• **TASK TO COMPLETE**
Nothing but the text should be carried over: reproduce all the data exactly and leave out every image.

• **SUPPLIED MATERIAL**
****************************************
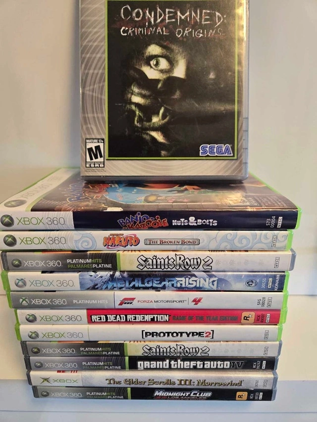 Selling Xbox 360 games for $5 each, except for the ones in the last picture. Pickup available in Etobicoke (451 The West Mall) or Brampton (10886 Hurontario). Most of these games are compatible with newer Xbox consoles. Also have good official Xbox 360 controllers for $25-30 each. Open to trading a bunch for newer games or higher value items. Check out my other listings for more gaming stuff.
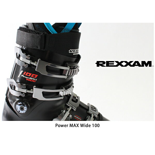 REXXAM レクザム スキーブーツ ■PowerMAX W100 フレックス(硬さ): 100 ラスト(幅): SemiAutoFit W / 100-105mm(260) size: 240〜275 Forward Lean Angle: 12.5度 Weight: 1910g(265片足) color: Black shell: ポリオレフィン / TPU buckle: RX-B inner: BX-S Function POWER CONCEPT RX-Bバックル アジャスタブル・フック 27-TWIN CANT システム 軽量フットベッド MCパワーベルト フレックスコントロール(1点止め) ボトムプロテクター ゲレンデをオールマイティに楽しむ中級スキーヤーに最適のフレックス100モデル。
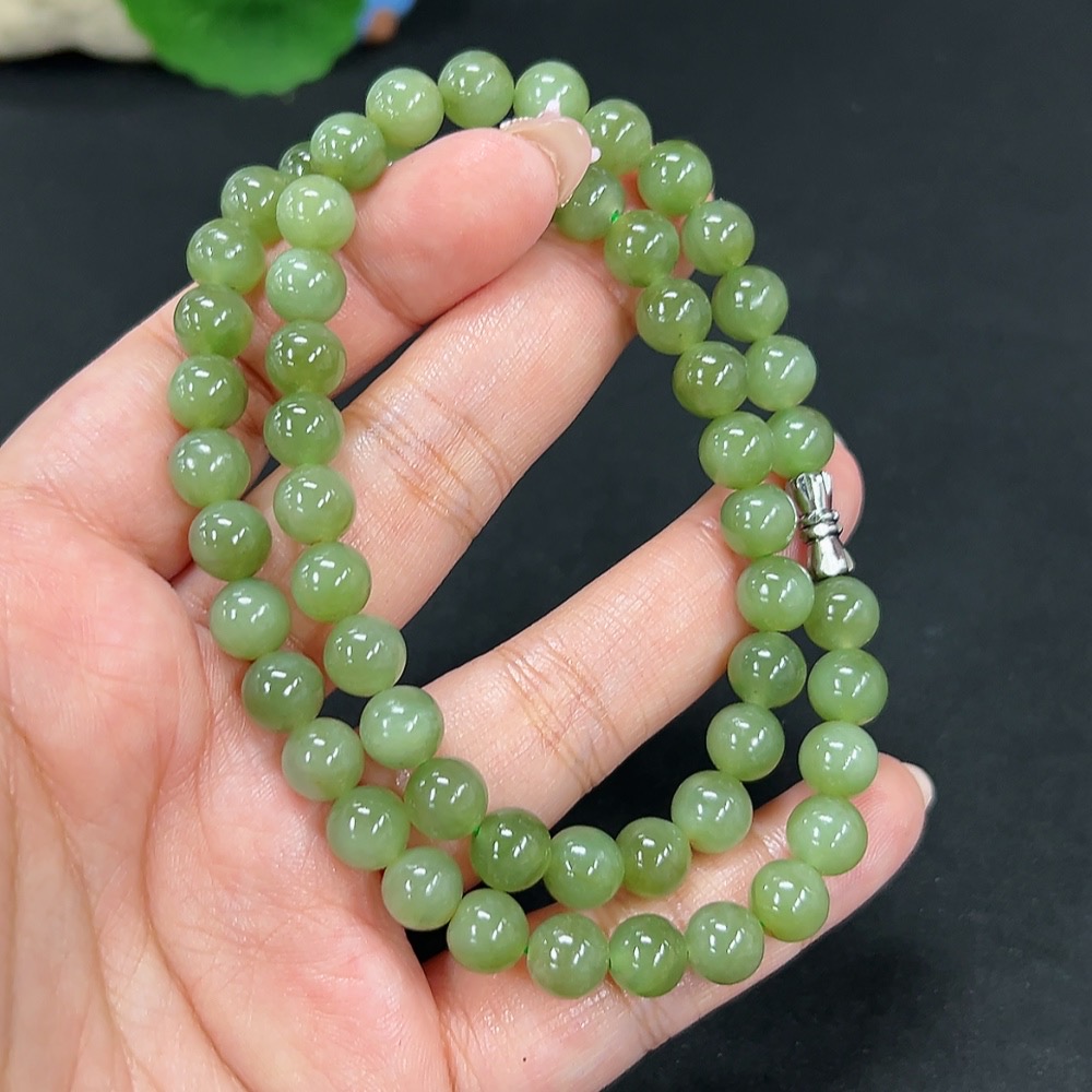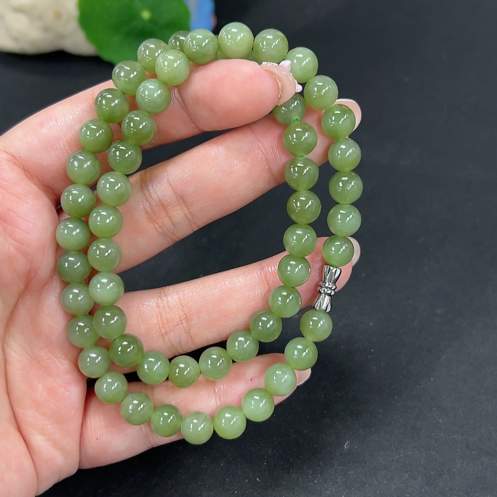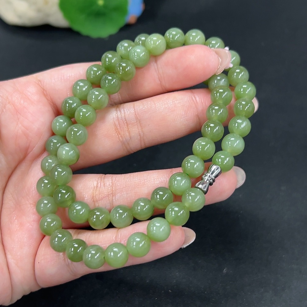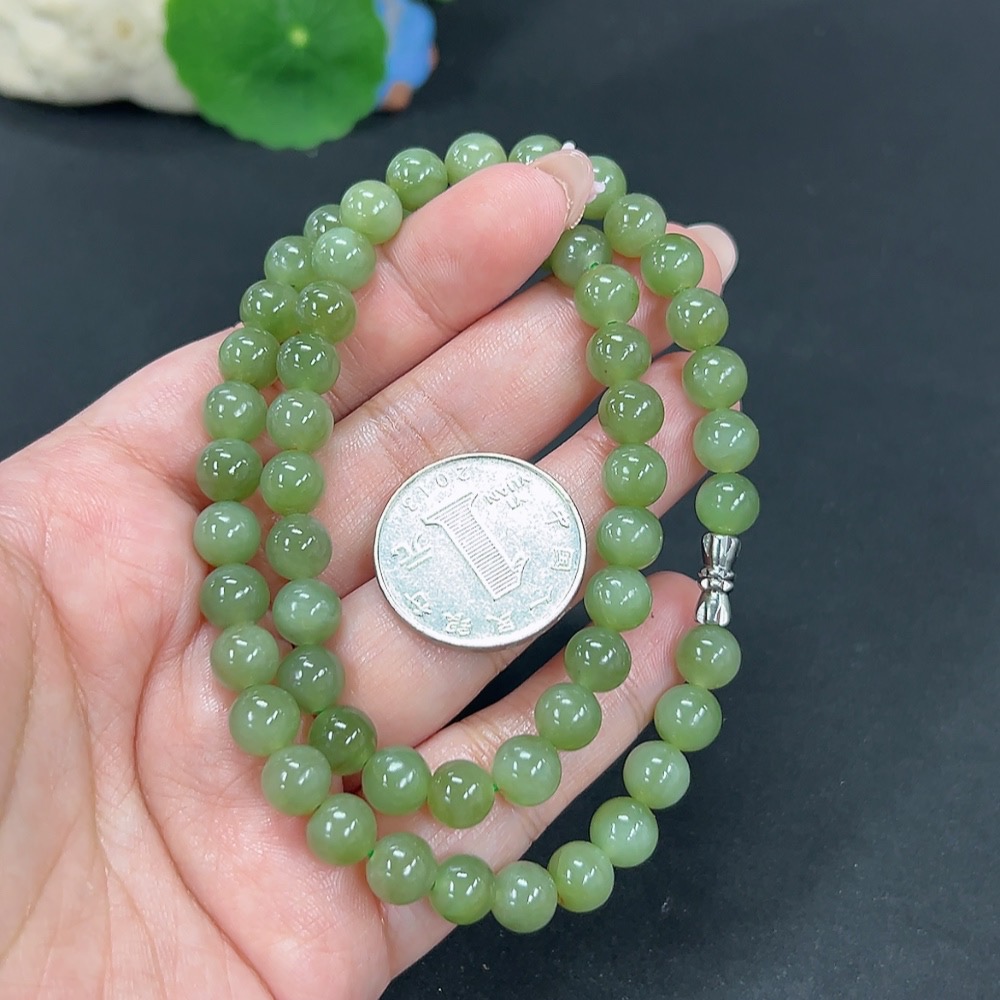 Hetian Jade Bead Strand, approximately 7.7mm, total weight about 42.6g
****************************************
• **RESULT**
 Selling Xbox 360 games for $5 each, except for the ones in the last picture. Pickup available in Etobicoke (451 The West Mall) or Brampton (10886 Hurontario). Most of these games are compatible with newer Xbox consoles. Also have good official Xbox 360 controllers for $25-30 each. Open to trading a bunch for newer games or higher value items. Check out my other listings for more gaming stuff.
 REXXAM レクザム スキーブーツ ■PowerMAX W100 フレックス(硬さ): 100 ラスト(幅): SemiAutoFit W / 100-105mm(260) size: 240〜275 Forward Lean Angle: 12.5度 Weight: 1910g(265片足) color: Black shell: ポリオレフィン / TPU buckle: RX-B inner: BX-S Function POWER CONCEPT RX-Bバックル アジャスタブル・フック 27-TWIN CANT システム 軽量フットベッド MCパワーベルト フレックスコントロール(1点止め) ボトムプロテクター ゲレンデをオールマイティに楽しむ中級スキーヤーに最適のフレックス100モデル。
 Hetian Jade Bead Strand, approximately 7.7mm, total weight about 42.6g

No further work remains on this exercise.